▸ **Data shown**
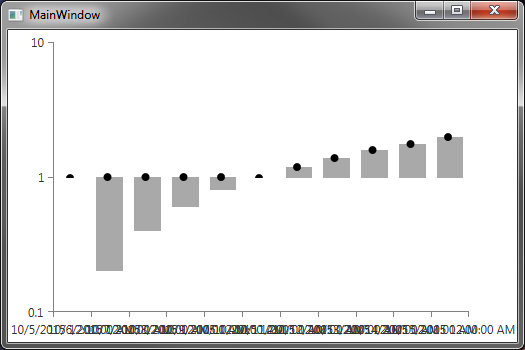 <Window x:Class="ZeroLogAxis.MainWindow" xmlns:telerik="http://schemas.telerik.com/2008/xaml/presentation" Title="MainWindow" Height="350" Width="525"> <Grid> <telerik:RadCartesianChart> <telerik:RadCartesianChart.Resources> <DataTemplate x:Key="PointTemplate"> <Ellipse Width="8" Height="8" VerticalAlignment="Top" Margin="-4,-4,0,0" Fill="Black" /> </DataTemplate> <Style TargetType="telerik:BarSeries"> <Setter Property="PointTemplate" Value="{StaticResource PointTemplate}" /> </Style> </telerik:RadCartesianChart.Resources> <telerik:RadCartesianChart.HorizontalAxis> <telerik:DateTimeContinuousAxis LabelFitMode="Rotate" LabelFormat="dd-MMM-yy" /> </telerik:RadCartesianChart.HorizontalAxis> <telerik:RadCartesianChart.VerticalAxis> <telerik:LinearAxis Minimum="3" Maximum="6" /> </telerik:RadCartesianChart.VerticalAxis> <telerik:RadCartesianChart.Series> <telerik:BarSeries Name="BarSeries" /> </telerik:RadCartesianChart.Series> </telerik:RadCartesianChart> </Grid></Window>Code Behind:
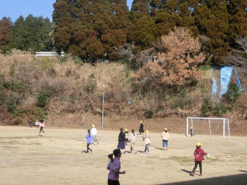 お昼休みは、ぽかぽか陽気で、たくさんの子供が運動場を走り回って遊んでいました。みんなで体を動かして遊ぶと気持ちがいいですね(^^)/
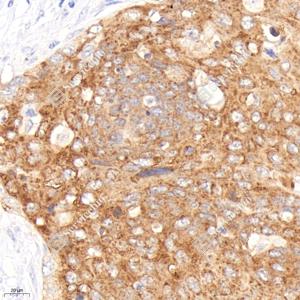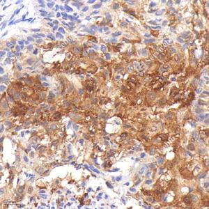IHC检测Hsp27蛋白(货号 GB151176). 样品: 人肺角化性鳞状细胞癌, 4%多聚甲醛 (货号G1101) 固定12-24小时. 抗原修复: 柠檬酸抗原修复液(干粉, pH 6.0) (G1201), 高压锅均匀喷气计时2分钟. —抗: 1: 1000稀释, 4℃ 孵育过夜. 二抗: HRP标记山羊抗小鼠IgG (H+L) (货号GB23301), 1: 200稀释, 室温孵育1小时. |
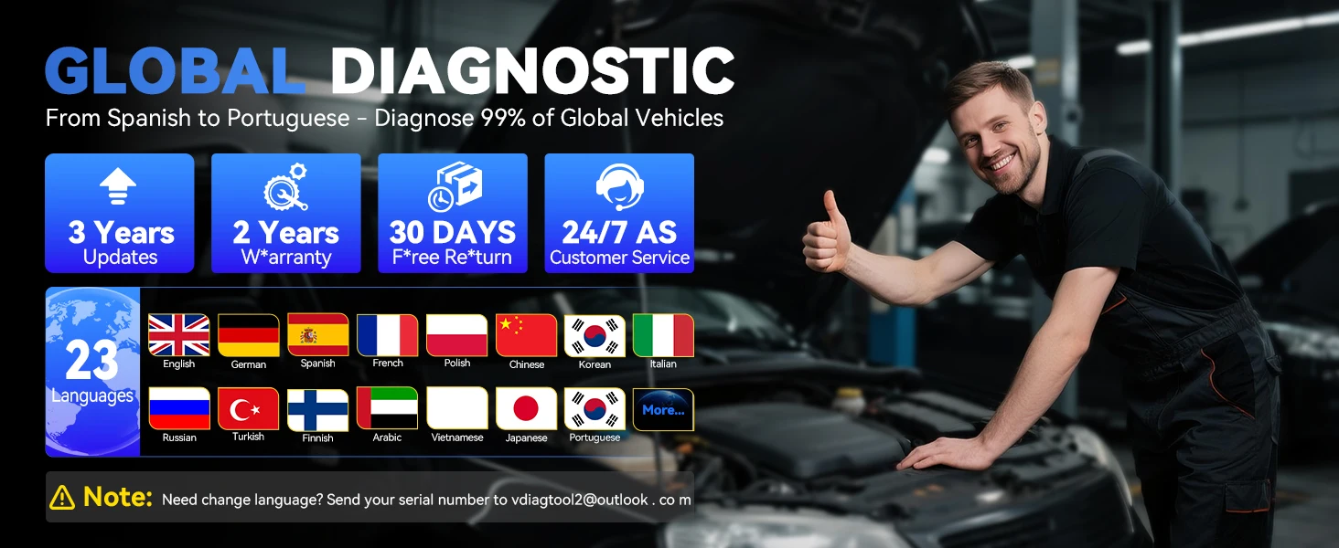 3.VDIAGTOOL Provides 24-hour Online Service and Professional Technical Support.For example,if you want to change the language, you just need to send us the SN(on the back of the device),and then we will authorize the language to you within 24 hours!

▸ **What is required**
Give back the whole listing as it stands, minus its pictures.

▸ **Answer box**
 <Window x:Class="ZeroLogAxis.MainWindow" xmlns:telerik="http://schemas.telerik.com/2008/xaml/presentation" Title="MainWindow" Height="350" Width="525"> <Grid> <telerik:RadCartesianChart> <telerik:RadCartesianChart.Resources> <DataTemplate x:Key="PointTemplate"> <Ellipse Width="8" Height="8" VerticalAlignment="Top" Margin="-4,-4,0,0" Fill="Black" /> </DataTemplate> <Style TargetType="telerik:BarSeries"> <Setter Property="PointTemplate" Value="{StaticResource PointTemplate}" /> </Style> </telerik:RadCartesianChart.Resources> <telerik:RadCartesianChart.HorizontalAxis> <telerik:DateTimeContinuousAxis LabelFitMode="Rotate" LabelFormat="dd-MMM-yy" /> </telerik:RadCartesianChart.HorizontalAxis> <telerik:RadCartesianChart.VerticalAxis> <telerik:LinearAxis Minimum="3" Maximum="6" /> </telerik:RadCartesianChart.VerticalAxis> <telerik:RadCartesianChart.Series> <telerik:BarSeries Name="BarSeries" /> </telerik:RadCartesianChart.Series> </telerik:RadCartesianChart> </Grid></Window>Code Behind:
 お昼休みは、ぽかぽか陽気で、たくさんの子供が運動場を走り回って遊んでいました。みんなで体を動かして遊ぶと気持ちがいいですね(^^)/
IHC检测Hsp27蛋白(货号 GB151176). 样品: 人肺角化性鳞状细胞癌, 4%多聚甲醛 (货号G1101) 固定12-24小时. 抗原修复: 柠檬酸抗原修复液(干粉, pH 6.0) (G1201), 高压锅均匀喷气计时2分钟. —抗: 1: 1000稀释, 4℃ 孵育过夜. 二抗: HRP标记山羊抗小鼠IgG (H+L) (货号GB23301), 1: 200稀释, 室温孵育1小时. |
 3.VDIAGTOOL Provides 24-hour Online Service and Professional Technical Support.For example,if you want to change the language, you just need to send us the SN(on the back of the device),and then we will authorize the language to you within 24 hours!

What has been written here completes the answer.